The first meeting of the New York State Department of Health Pharmacy and Therapeutics (P&T) Committee is scheduled for June 6. The purpose of the meeting will be to discuss implementation of the new law, effective October 1, 2002 enacted in January requiring the use of generic drugs for Medicaid patients in lieu of brand name drugs, if such drug has been determined to be therapeutically equivalent (DOH has interpreted this to mean an "A-rated" therapeutic and generic equivalent approved by the FDA). In particular, the committee will be seeking input regarding its proposed process for how a person or entity may request an exemption from this new rule for a particular brand name drug that has a generic equivalent. For example, the draft guidelines ask the person or entity seeking the exemption to "provide a statistically valid study which indicates that the generic has been proven to be less effective than the brand, reported untoward outcomes, implications of adverse side effects, and potential impact on a recipient within a special population." Requests for exemption of specific drugs will not be discussed at this meeting , but at future meetings.
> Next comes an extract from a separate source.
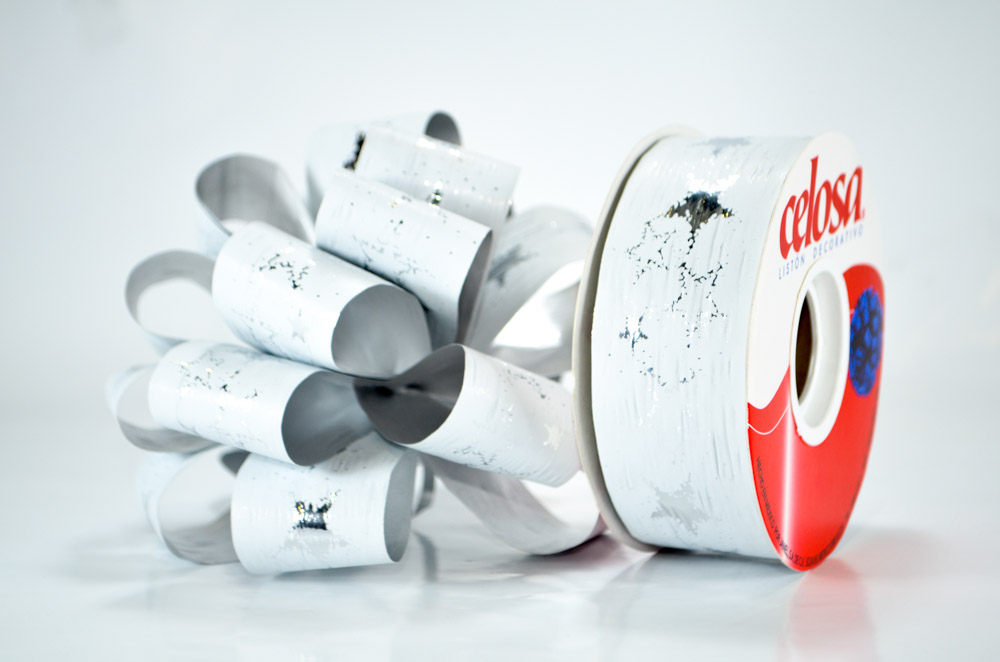 Listón para regalo de polipropileno 100% reciclable con textura mate y detalles metálicos brillantes especial para realizar moñas o empaques. La longitud del rollo es de 40 metros.

It should also be noted that, if a physician wishes to prescribe to a Medicaid patient a brand name drug with a generic equivalent, that has not been exempted, the physician will be able to request authorization from DOH. MSSNY has and will continue to request that the process be a simple one. DOH has sought comments on these draft guidelines from MSSNY, who in turn, has sought comments on these draft guidelines from its members of the MSSNY Medicaid, Health Systems Delivery and Interspecialty Committees. Other physicians who wish to view and comment on the draft guidelines for requesting an exemption, or who have questions or comments regarding this new program may call Moe Auster in MSSNY's Governmental Affairs Division at 518-465-8085 or e-mail to mauster@mssny.org.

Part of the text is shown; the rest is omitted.